Carlos Serra disse...

Aguardemos os resultados. Há coisas muito complexas a ter en conta.

J Francisco Saraiva de Sousa disse...

Hummm... Criança sábia! Deve ter visto muitas imagens de tortura!
Lhe dou boa nota! Vai ser criminologista do sistema, pelo andar da corroça!
É o meio que aguça esse imaginário! Muito desamparada e entregue à bicharada! Provavelmente, precisa de aprender numa outra escola... outras maneiras de pensar e, sobretudo, vivê-las. Houve efectivamente uma regressão cognitiva nacional!

Carlos Serra disse...

Estamos ainda a estudar a frequência de certos termos digamos punidores nas redacções da crianças. Mas não são poucos.

J Francisco Saraiva de Sousa disse...

Análise de conteúdo? Apenas frequências de categorias? Não é possível estabelecer associações com outras variáveis? Idade? Categoria sócio-proffisional dos pais? etc.

J Francisco Saraiva de Sousa disse...

E, dado estar ligado com a Faculdade de Medicina, poderiam tentar associar esses dados com os níveis hormonais. Com a medição dos dedos (ratio 2D:4D), poderiam obter dados muito interessantes.

Carlos Serra disse...

Não, nesse campo não estamos a trabalhar com variáveis. Decidimos não o fazer. Apenas as temos nos questionários. Acresce que a nossa amostra não é probabilística e a nossa intenção é, por agora, apenas a de colher tendências em escolas situadas nos bairros considerados mais problemáticos em termos de linchamentos. Acresce que temos de usar sempre de muito prudência para obter informação fiável dada a cultura do silêncio que rodeia o fenómeno linchatório.

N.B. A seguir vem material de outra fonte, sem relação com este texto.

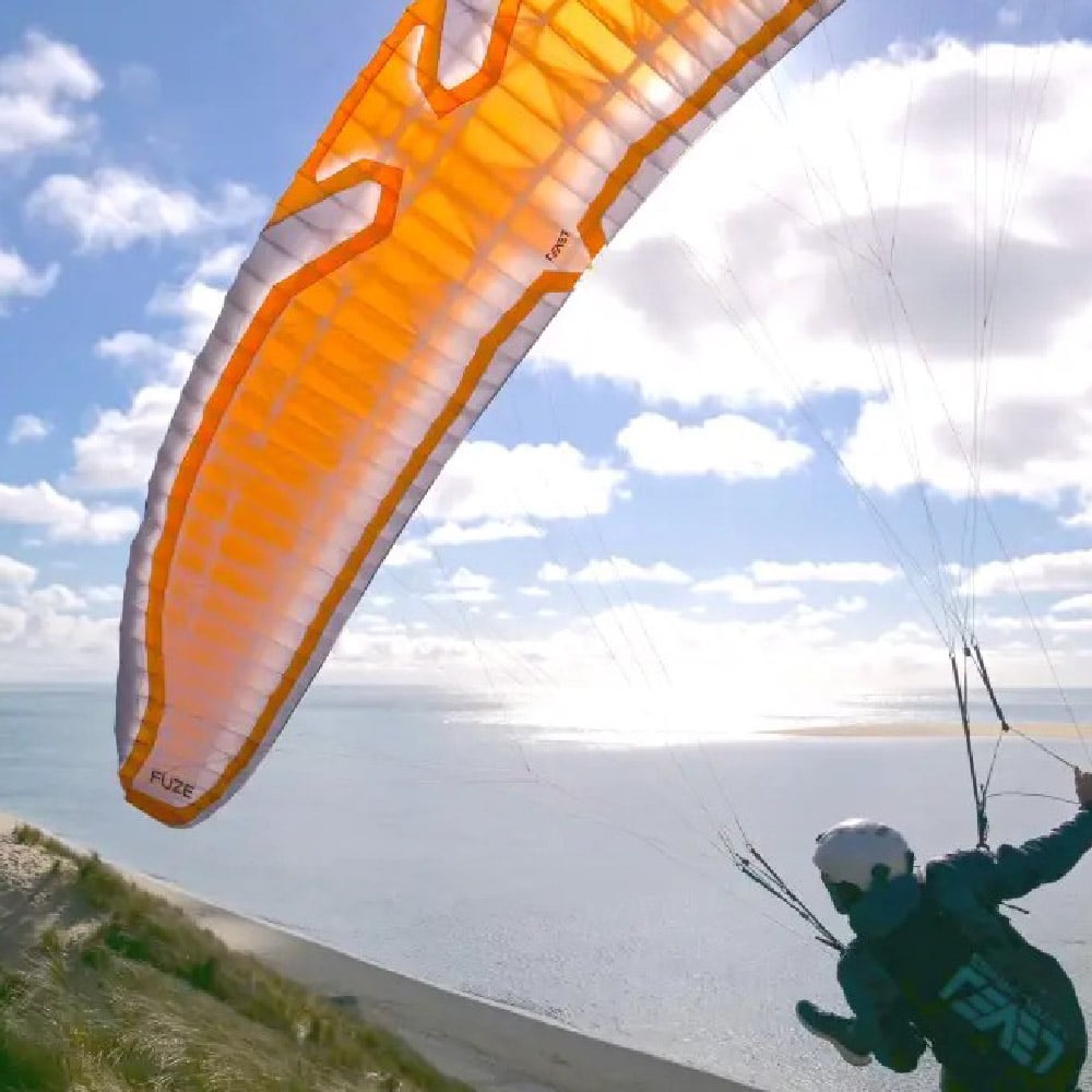 The FUZE is well-suited for diverse flying, such as carving coastal and alpine runs, cruising dunes, performing speed flying maneuvers, or navigating challenging terrain previously limited by glide capabilities. Its design and quality materials provide reliable strength with a performance-oriented approach making the FUZE a soaring machine.
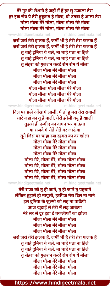 Lyrics of Maula Maula Mere Maula - मौला मौला मेरे मौला
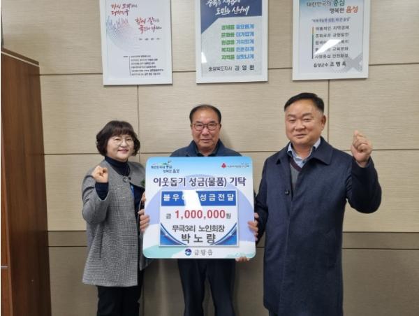 음성군 금왕읍 무극3리 박노량 노인회장은 지난 7일 금왕읍 행정복지센터를 방문해 어려운 이웃을 위해 사용해 달라며 100만원을 기탁했다.
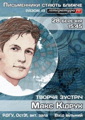 - натомість запрошуємо вас на відкритий творчий вечір Макса Кідрука, який розпочнеться того ж дня о 19.00 і буде відбуватися в КУЕМі (вхід з двору 15 школи; вул. Пушкіна, 17). Програма заходу залишається незмінною, як і теми обговорення (включно із книгами «Навіжені в Мексиці», «Любов і піраньї», «Бот»)]

J Francisco Saraiva de Sousa disse...

Aqui não é a cultura do silêncio mas a do «trauma». Em Portugal, é tudo traumatizado ou então suspeito. Conheço estudos com crianças mas com amostras clínicas (CAH). Resultados interessantes.

Avid disse...

Infelizmente pouco consigo comentar sobre esta realidade. Nao preciso "desta" redacao para saber que este tipo de resposta comeca a ser "tao mais comum" do que imaginamos...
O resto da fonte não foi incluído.